▶ [MATERIAL FOR THIS TASK]
-=-=-

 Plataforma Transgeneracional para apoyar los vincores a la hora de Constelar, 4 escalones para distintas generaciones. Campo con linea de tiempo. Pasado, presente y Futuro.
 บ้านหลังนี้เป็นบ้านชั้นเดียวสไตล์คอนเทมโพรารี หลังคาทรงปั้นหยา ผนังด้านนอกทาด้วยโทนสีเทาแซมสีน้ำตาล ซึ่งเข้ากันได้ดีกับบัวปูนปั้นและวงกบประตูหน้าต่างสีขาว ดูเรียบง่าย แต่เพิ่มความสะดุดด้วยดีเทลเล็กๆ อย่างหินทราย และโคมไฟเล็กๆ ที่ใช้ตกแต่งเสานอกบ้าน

-=-=-

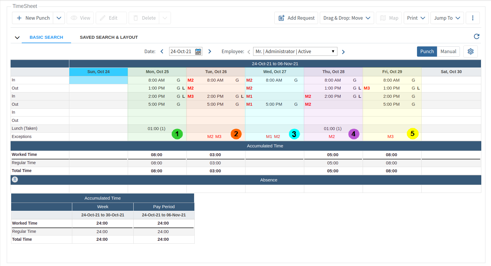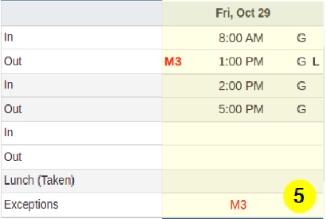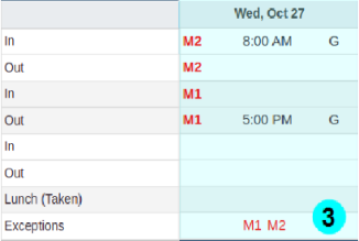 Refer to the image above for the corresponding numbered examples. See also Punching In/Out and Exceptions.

-=-=-

▶ [EXERCISE INSTRUCTIONS] Return word for word the lines above from the line with "Plataforma Transgeneracional para" to the line with "อย่างหินทราย และโคมไฟเล็กๆ ที่ใช้ตกแต่งเสานอกบ้าน", including both and leaving out all others.

▶ [RESULT]
 Plataforma Transgeneracional para apoyar los vincores a la hora de Constelar, 4 escalones para distintas generaciones. Campo con linea de tiempo. Pasado, presente y Futuro.
 บ้านหลังนี้เป็นบ้านชั้นเดียวสไตล์คอนเทมโพรารี หลังคาทรงปั้นหยา ผนังด้านนอกทาด้วยโทนสีเทาแซมสีน้ำตาล ซึ่งเข้ากันได้ดีกับบัวปูนปั้นและวงกบประตูหน้าต่างสีขาว ดูเรียบง่าย แต่เพิ่มความสะดุดด้วยดีเทลเล็กๆ อย่างหินทราย และโคมไฟเล็กๆ ที่ใช้ตกแต่งเสานอกบ้าน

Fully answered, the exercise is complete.